PyAthena
PyAthena is a Python DB API 2.0 (PEP 249) client for Amazon Athena, enabling SQL queries on data stored in Amazon S3. It provides a familiar interface for database interactions, supports various cursor types (e.g., standard, Pandas, Arrow), SQLAlchemy integration, and asynchronous query execution. The library is actively maintained with frequent updates.
Warnings
- breaking Starting with PyAthena v3.30.0, the library no longer infers Python types for scalar values inside complex Athena types (e.g., '123' to 123 in structs/arrays). Values are kept as strings unless `result_set_type_hints` is provided.
- gotcha The `s3_staging_dir` and `region_name` parameters are mandatory when establishing a connection to Athena. Failure to provide them will result in a connection error.
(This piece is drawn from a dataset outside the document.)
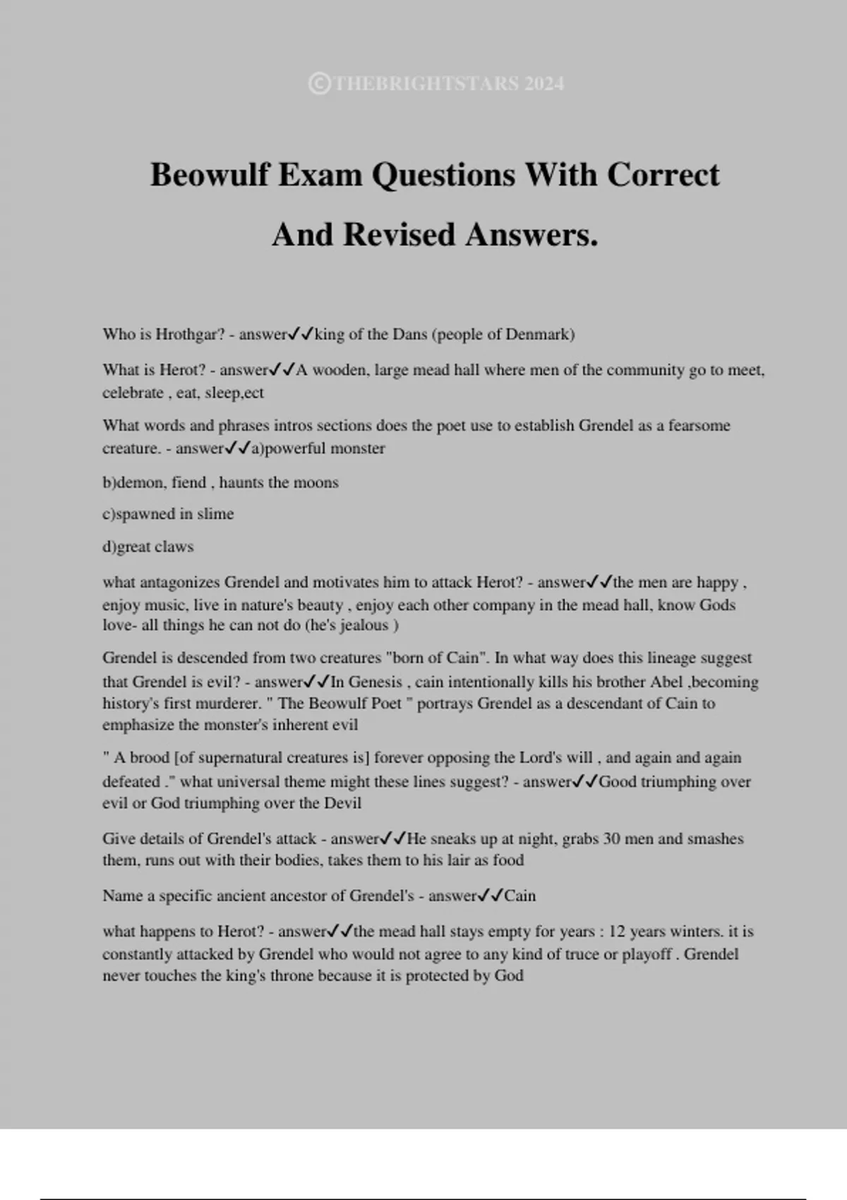 Name a specific ancient ancestor of Grendel's - answer✔✔Cain

- gotcha For very large query results, the default cursor might be slow as it fetches results in smaller chunks. This can lead to performance bottlenecks for extensive data analysis.
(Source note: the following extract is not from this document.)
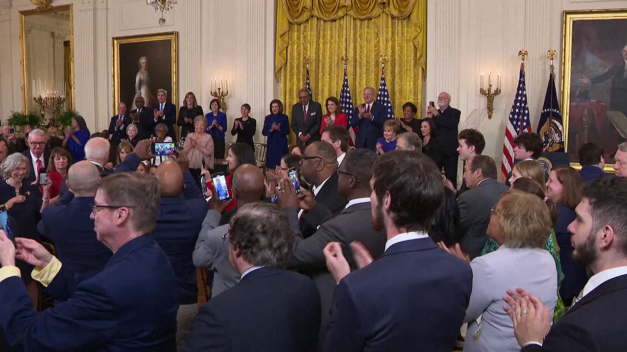 US-Präsident Joe Biden hat bekannten Politikerinnen und Politikern der Demokraten die Freiheitsmedaille verliehen. Er würdigte unter anderem die frühere Vorsitzende des Repräsentantenhauses, Nancy Pelosi, für ihren Einsatz zum Schutz der Demokratie beim Sturm von Trump-Anhängern auf das Kapitol.

- gotcha Ensure your AWS environment is correctly configured for authentication (e.g., IAM role, `~/.aws/credentials`, or environment variables `AWS_ACCESS_KEY_ID`, `AWS_SECRET_ACCESS_KEY`, `AWS_SESSION_TOKEN`). PyAthena relies on `boto3` for credential resolution.
Install
-
pip install pyathena -
pip install "pyathena[sqlalchemy,pandas,arrow,polars]"
Imports
- connect
from pyathena import connect
Quickstart
import os
from pyathena import connect
# Configure these environment variables or replace with actual values
# AWS_S3_STAGING_DIR: S3 path for Athena query results (e.g., "s3://my-athena-results-bucket/")
# AWS_REGION_NAME: AWS region (e.g., "us-east-1")
# AWS_ACCESS_KEY_ID, AWS_SECRET_ACCESS_KEY, AWS_SESSION_TOKEN will be picked up by boto3 if not explicitly passed
s3_staging_dir = os.environ.get('AWS_S3_STAGING_DIR', 's3://your-athena-query-results-bucket/')
region_name = os.environ.get('AWS_REGION_NAME', 'us-east-1')
aws_access_key_id = os.environ.get('AWS_ACCESS_KEY_ID')
aws_secret_access_key = os.environ.get('AWS_SECRET_ACCESS_KEY')
aws_session_token = os.environ.get('AWS_SESSION_TOKEN')
# Ensure mandatory parameters are set
if not s3_staging_dir.startswith('s3://') or not region_name:
print("Error: AWS_S3_STAGING_DIR and AWS_REGION_NAME must be set correctly.")
else:
try:
# Connect to Athena
conn = connect(
s3_staging_dir=s3_staging_dir,
region_name=region_name,
aws_access_key_id=aws_access_key_id, # Optional: boto3 usually handles this
aws_secret_access_key=aws_secret_access_key, # Optional
aws_session_token=aws_session_token # Optional
)
cursor = conn.cursor()
# Execute a sample query
cursor.execute("SELECT 1 as one, 'hello' as greeting")
# Fetch results
print("Query Results:")
for row in cursor.fetchall():
print(row)
# Close cursor and connection
cursor.close()
conn.close()
except Exception as e:
print(f"An error occurred: {e}")
print("Please ensure AWS credentials are configured (e.g., via environment variables, ~/.aws/credentials, or IAM role) and AWS_S3_STAGING_DIR and AWS_REGION_NAME are set correctly.")